Desertion, in fact, appeared imminent. At the table were two single Englishmen, each impressive in his own right. I was sure that Brenda, never shy of entering new territory, was dying to try out an Englishman. Fortunately, I had steeled myself for this outcome. It seemed just possible that, while the two Englishmen competed for Brenda, I might make off with Monica.

Cedric Brunel was the only person at our table, apart from Brenda, who would normally have gone first class. I was sure that it seemed odd to him to dine without a dinner jacket. However, in my long previous stay in England, I had known many such as he, and could tell that something had gone a little wrong. Cedric wasn't an outcast or a black sheep, or anything of that sort. He was still invited to the best places. But he wouldn't be encouraged to converse at great length with the daughter of the house.

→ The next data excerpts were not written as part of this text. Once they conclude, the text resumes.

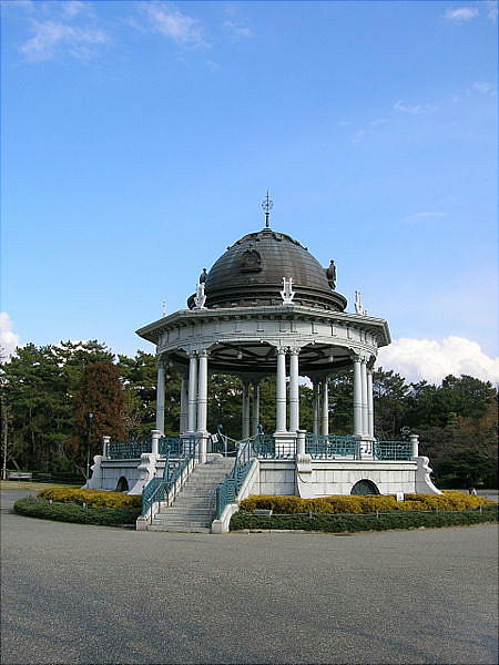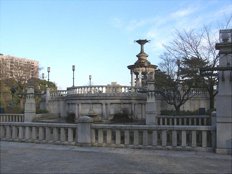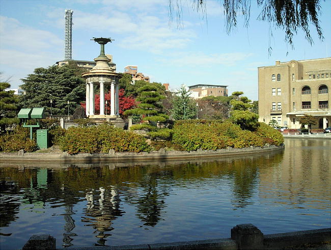 と、正面に噴水塔が位置している。すぐ南に普選記念壇があり、公園のほぼ中央にあたる。その東に奏楽堂が位置し、東北に北花壇、南
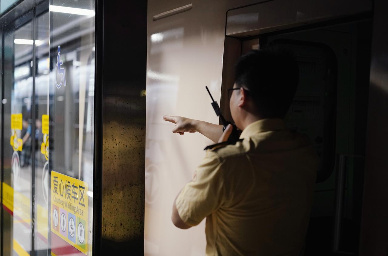 身边地铁人列车司机确认空隙安全。(图:袁彦昌)
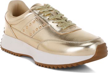 Studded hardware and a metallic finish lend visual interest to the upper of a sporty sneaker designed to comfort your every stride as you check items off your to-do list.
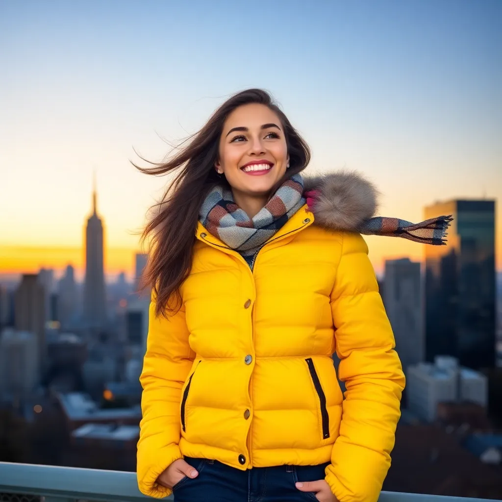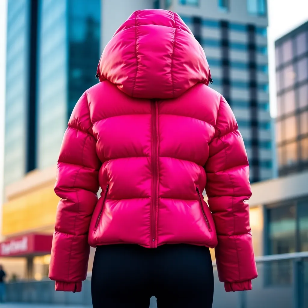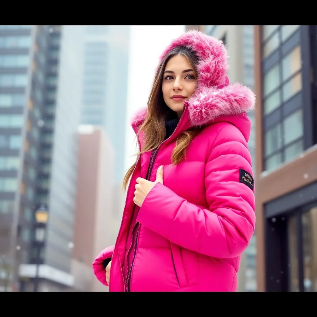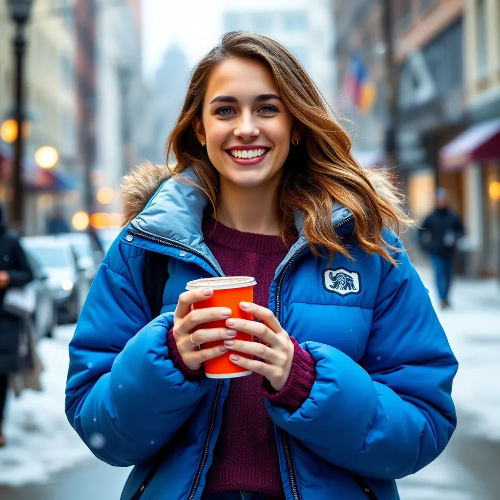 Imagine a trendy puffer jacket worn by a young woman on a crisp winter morning. The jacket is a bold shade of bright blue, with a fluffy white trim and a sleek black zipper. She's walking down a snowy street, surrounded by towering skyscrapers and bustling city life. Create an image that captures her stylish and adventurous vibe.
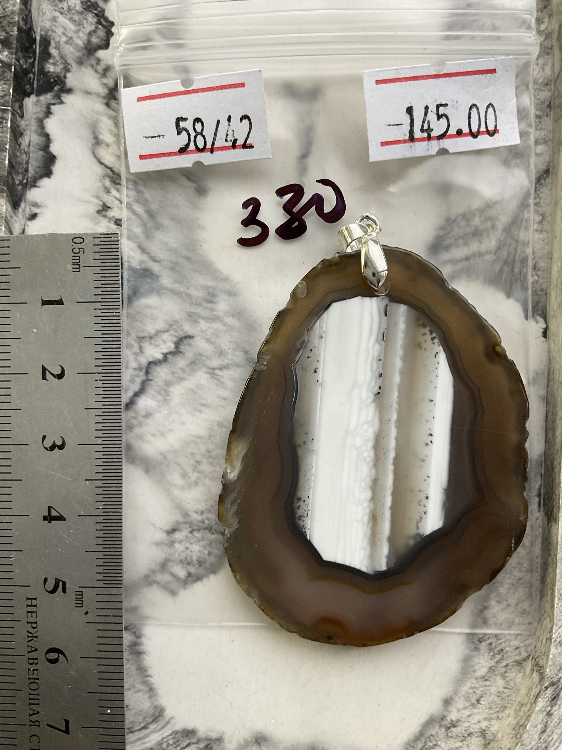Друза 330 зріз агат , розмір 58/42 мм, 1 петля, відтінок коричневий , оправа срібло. кількість
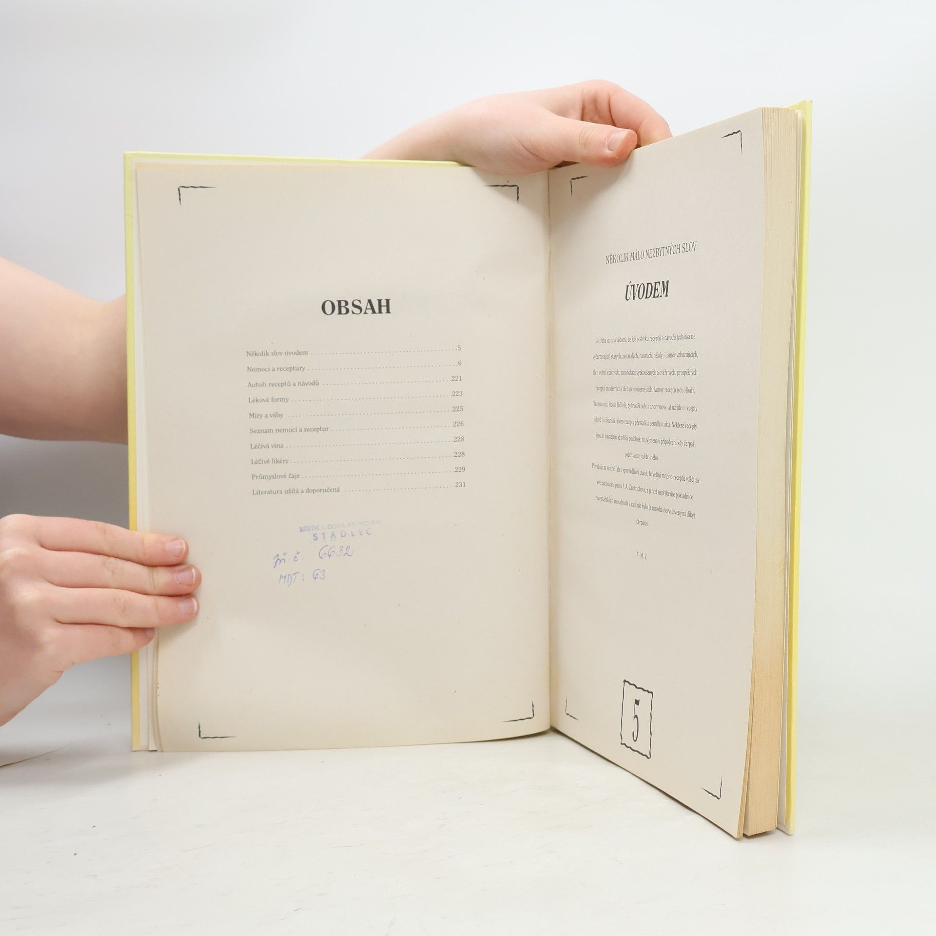 Několik málo nezbytných slov autora: Je třeba vzít na vědomí, že jde o sbírku receptů a návodů (zdaleka ne vyčerpávající) starých, zastaralých, naivních, někdy i úsměv vzbuzujících, ale i velmi vzácných, mnohokrát vyzkoušených a ověřených, prospěšných receptů moderních i těchnejmodernějších. Autory receptů jsou lékaři, farmaceuti, lidoví léčitelé, bylinkáři nebo i anonymové, ať už jde o recepty lidové (i cikánské) nebo recepty převzaté z denního tisku. Některé recepty jsou si navzájem až příliš podobné; a to zejména v případech, kdy čerpal jeden autor od druhého. Považuji za nutné (ale i spravedlivé) uvést, že velmi mnoho receptů vděčí za své zachování panu J. A. Zentrichovi, z jehož nepřeberné pokladnice receptářských moudrostí a rad zde bylo (s mnoha nevyslovenými díky) čerpáno.
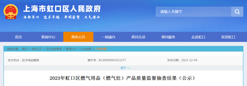 - 2023年上海市虹口區燃氣用品(燃氣灶)產品質量監督抽查結果
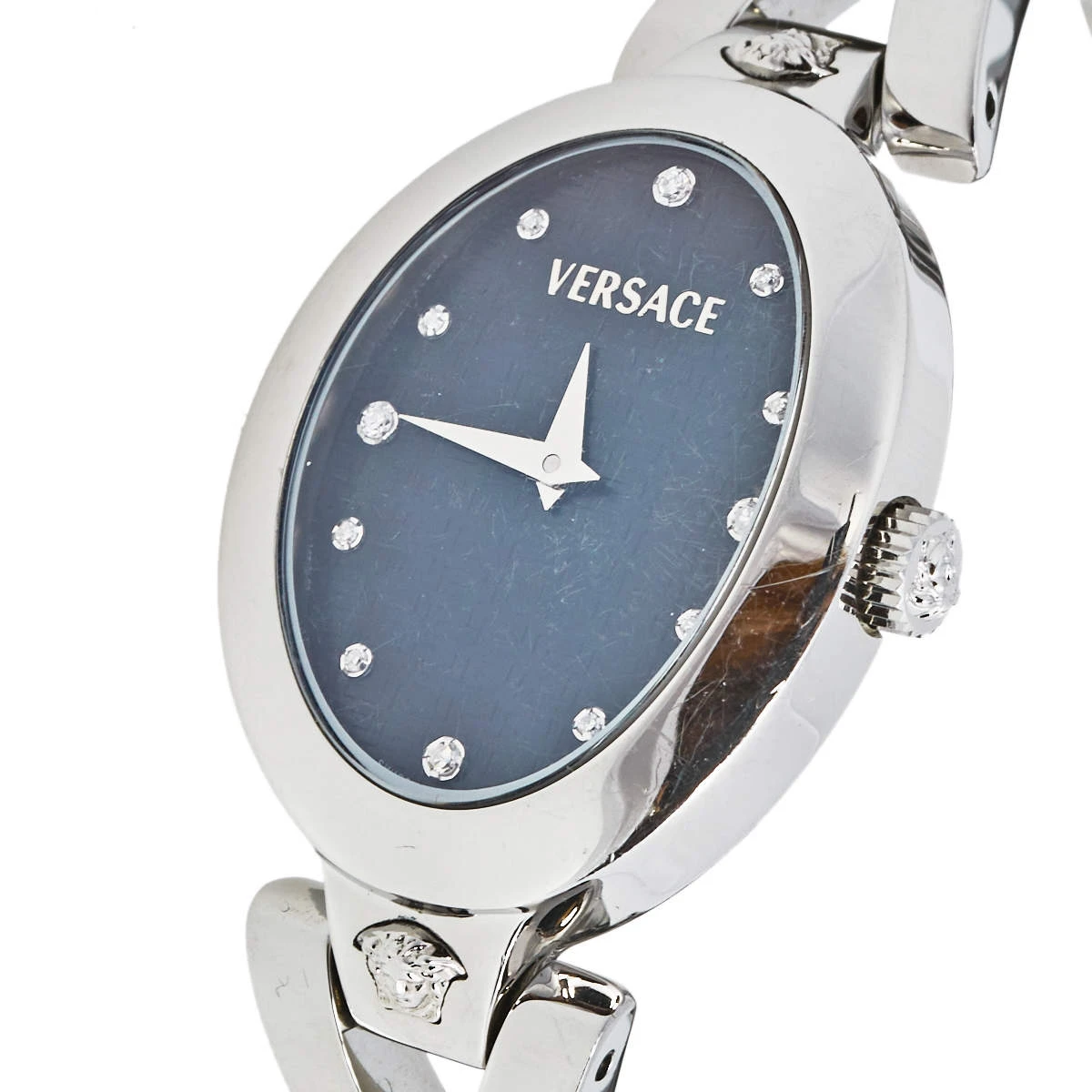 Your unique style deserves a luxurious touch like this V-Glam timepiece from Versace. Its stainless steel case has a diameter of 25 mm and a smooth bezel. The dial features two petite hands and diamond hour markers and the quartz watch is complete with a stainless steel bracelet with V-shaped links. Equipped with a water resistance of 30 meters, this stunner will look perfect on the wrist of a watch lover like you!
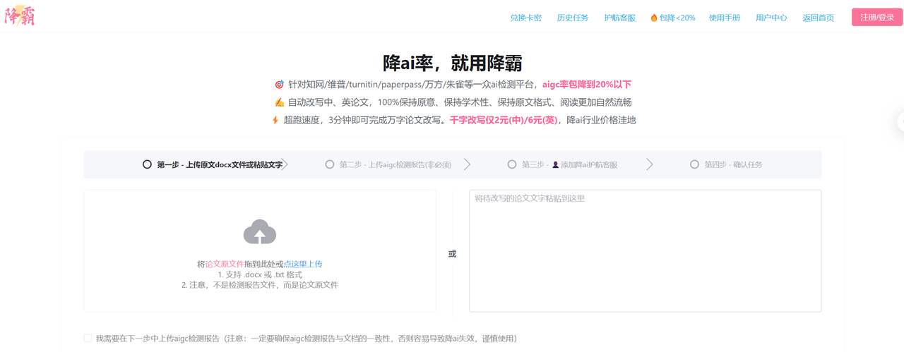 名字听着很厉害,但实际效果就……一般般。它说自己能降AIGC,但实测AI率下降有限。
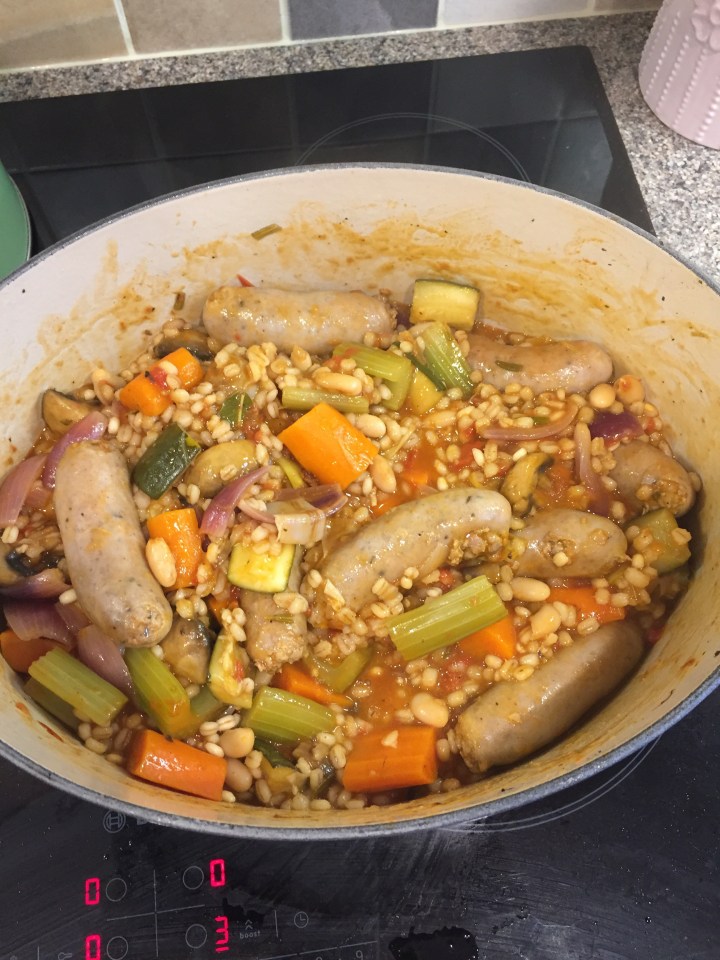 Dinner- Sausage & barley casserole (9) and Melon (10!)
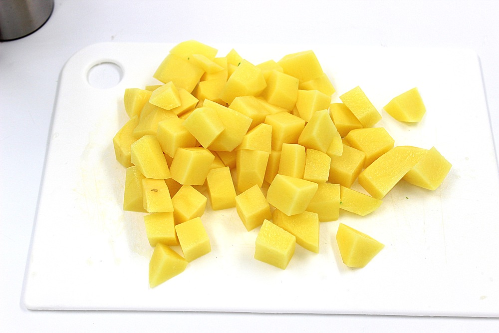 Prepare ingredients for buckwheat soup with potatoes and beef.
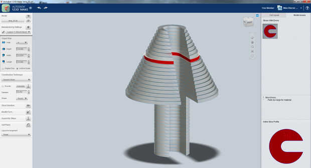 Si hay algún problema con el modelo de la impresión en el papel especificado que el programa hará hincapié en el trozo que está causando el problema. Esta área resaltada me muestra que este segmento particular es loo grande para ser impreso en una hoja y demasiado pequeño para ser dividida en segmentos como las rodajas más grandes debajo de él.
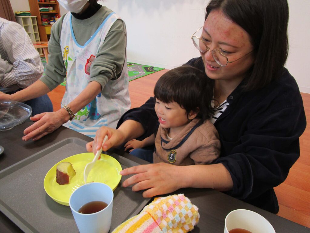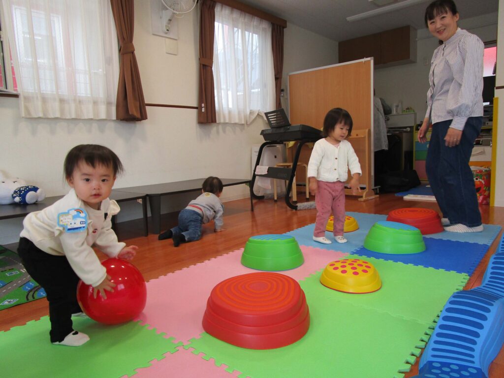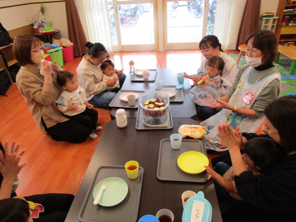 乳児部 子育てサロンぴゅあ 宮久保012 宮久保NOW 宮久保子どもニュース 子育てサロンピュア(体あそび) 11月5日 2025.11.05 今日(11月5日)のピュアは平均台を渡ったり飛び石を歩いたり、トンネルをくぐったりと沢山体を動かして遊びました。おやつに蒸したてのサツマイモを頬張る姿がとっても可愛かったです。

There was something, very likely an ugly divorce, which disqualified Cedric as a potential suitor for the kind of woman he would expect. There was no point in his going first class. Apart from the fact that there wouldn't be many young people, the most desirable girls, even the American ones, would have been too closely guarded. While Brenda's presence would have been a fortunate chance anywhere, Monica's was not. It could have been predicted that there would be girls like her in the second class. Well off enough to set herself above her peers, she wasn't rich enough to be protected. She was, in fact, a pretty plum ready for the picking.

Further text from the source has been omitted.